RE: Generic base characters

From: Kenneth Whistler (kenw@sybase.com)
Date: Mon Jul 16 2007 - 19:04:30 CDT

  • Next message: Kenneth Whistler: "Loooooooong spellings (was: RE: Generic base characters)"

    Kent Karlsson wrote:

    > > > Writing <DEVANAGARI LETTER MA, DEVANAGARI
    > > > VOWEL SIGN O, DEVANAGARI VOWEL SIGN O, DEVANAGARI VOWEL SIGN O>
    > > > may be an error (or maybe not), but the rendering engine+font
    > > > should not care.
    > >
    > > Ah, but it might, precisely because the layout of Devanagari
    > > is not as straightforward as English. And if the rendering is
    > > making assumptions about aksara construction (as it might, in
    > > order to do rendering correctly and to map into ligatures in
    >
    > I would not expect ligatures to work beyond the substrings that
    > are commonly occurring in the script (and sometimes it does not
    > even work for that, see the fj example).

    I think you are missing the point here. The domain of
    conjunct ligatures in Devanagari is the aksara. You parse for
    aksara boundaries and don't attempt to map into ligature space
    across those boundaries. That is rather different from how
    ligatures work for Latin or for Arabic, for that matter.

    The "substrings" that matter for Devanagari are the aksaras,
    and that is one of the reasons why the rendering is concerned
    with the valid (and defective) aksara boundaries.

    >
    > > fonts, and so on), it should detect a defective boundary in
    > > that sequence and flag it for special treatment.
    >
    > And that happens also for plain ASCII text like this:
          ^^^^
          ???
    > xxxx...
    ...
    > ...xxxx
    >
    > (that was a SINGLE, but rather long row of x:es, no line break
    > inside when I wrote it)

    I think your analogizing is reaching here. Aksara boundary detection
    is rather different from linebreaking. And the Devanagari MA + O + O
    case is one in which a defective aksara boundary occurs that
    you think should be ignored in rendering and where you disagree
    that fallback rendering should occur. The "xxxxx" example is a
    line (which could be any script for that matter -- there is
    nothing inherently Latin about the example) which has no natural
    line break opportunity, and which therefore triggers whatever
    the fallback emergency linebreak routine determines is required
    so as not to overrun the alotted display line.
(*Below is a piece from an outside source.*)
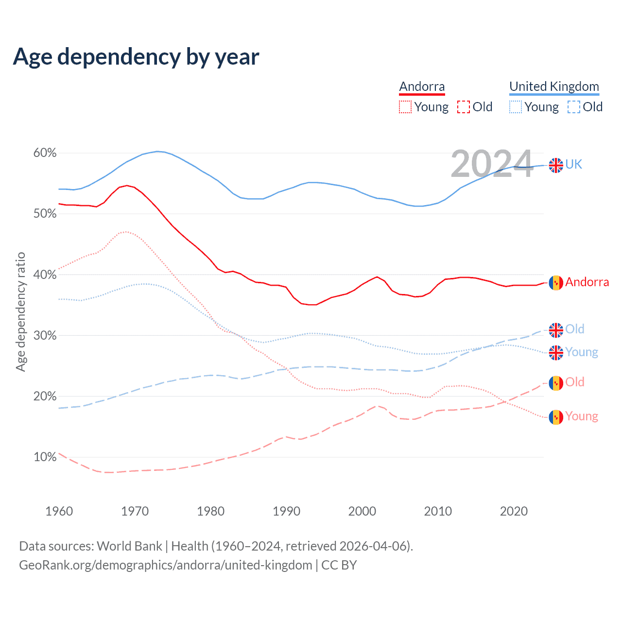 - Andorra is ranked 18/196 by median age (oldest to youngest) vs 41/196 for the United Kingdom.

    So both examples include concepts of "boundary" and of "fallback",
    but other than that are completely different in their implications.

    > > Now it is debatable exactly *what* that special treatment
    > > should be.
    > >
    > > One reasonable position to take is that aksaras in a complex
    > > Indic script outside the canonical structuring rules for an aksara
    > > should be rendered with fallbacks that treat each combining
    > > mark that doesn't "fit" as a separate layout unit:
    > >
    > > {MA + O}, {O}, {O}
    > >
    > > And then you have to decide how to display those two extra
    > > matras that don't have an effective base (even though
    > > formally, of course, MA is the base character of the
    > > combining character sequence here).
    >
    > Much similar to <a, c. diaeresis, c. diaeresis, c. diaeresis>,
    > though horizontal instead of vertical.
    >
    > > One option is to display each on a dotted circle.
    >
    > No why?
    >
    > > Another option is to display each on a blank.
    >
    > No, why?

    Why not? Reasonable people disagree. And when reasonable people
    disagree about cases like this, the usual compromise solution
    is to give them choices, so they can get things to display
    the way they want to.

    But I certainly don't think that the Unicode Standard is
    ever going to mandate that such options as displaying dotted circles
    fpr combining marks that don't fit into canonical aksara
    structure must be avoided.

    > > Another reasonable position to take would be that extra
    > > matras for an aksara are intentional "misspellings" that
    > > users might introduce for effect, and the rendering engine
    > > ought to attempt to rendering them as part of an aksara,
    > > either by joining them in sequence, or by default stacking
    > > rules (depending on their placement, of course). But doing
    >
    > Indeed.
    >

    > > What if the sequence were, instead:
    > >
    > > MA + I + I + I
    > >
    > > Then what? In Devanagari, the I-matra reorders to the left
    > > around the MA (and possibly other units as well, if present).
    > > So is the "reasonable" position now to treat this for
    > > display as:
    > >
    > > {I + MA} + {I} + {I}
    >
    > No, why?

    Why not?

    > > and use fallback display for the two extra matras?
    > >
    > > Or is the "reasonable" position to require indefinite
    > > leftward reordering of the layout engine, to get:
    > >
    > > {I + I + I + MA}
    >
    > Surely. They should work like any combining category 224
    > character, i.e. stack to the left.

    Combining category 224 characters *don't* "stack to the left".
    I defy you to find any part of the Unicode Standard that
    does now or ever has required that left-side combining
    marks stack leftward. That is just an unreasonable thing to require
    of rendering engines.

    There are only two of them, by the way, that have ever been
    defined in the standard.

    302E..302F ; 224 # Mn [2] HANGUL SINGLE DOT TONE MARK..HANGUL DOUBLE DOT
    TONE MARK

    And just as for left side Indic matra combining marks
    (combining class 0), there isn't any reasonable, meaningful
    text reason to stack these. If I encounter a Hangul
    syllable followed by 6 single dot tone marks, I would
    fully expect a renderer to bail after the first of those
    was displayed to the left of the Hangul syllable, and have
    the next 5 be displayed with fallback on a dotted circle
    (or otherwise).

    > As long as this stays within
    > a line (with some not-too-small preset max), there should
    > be no problem. (It would have been better to just give
    > the reordrant vowels cc 224 rather than 0!)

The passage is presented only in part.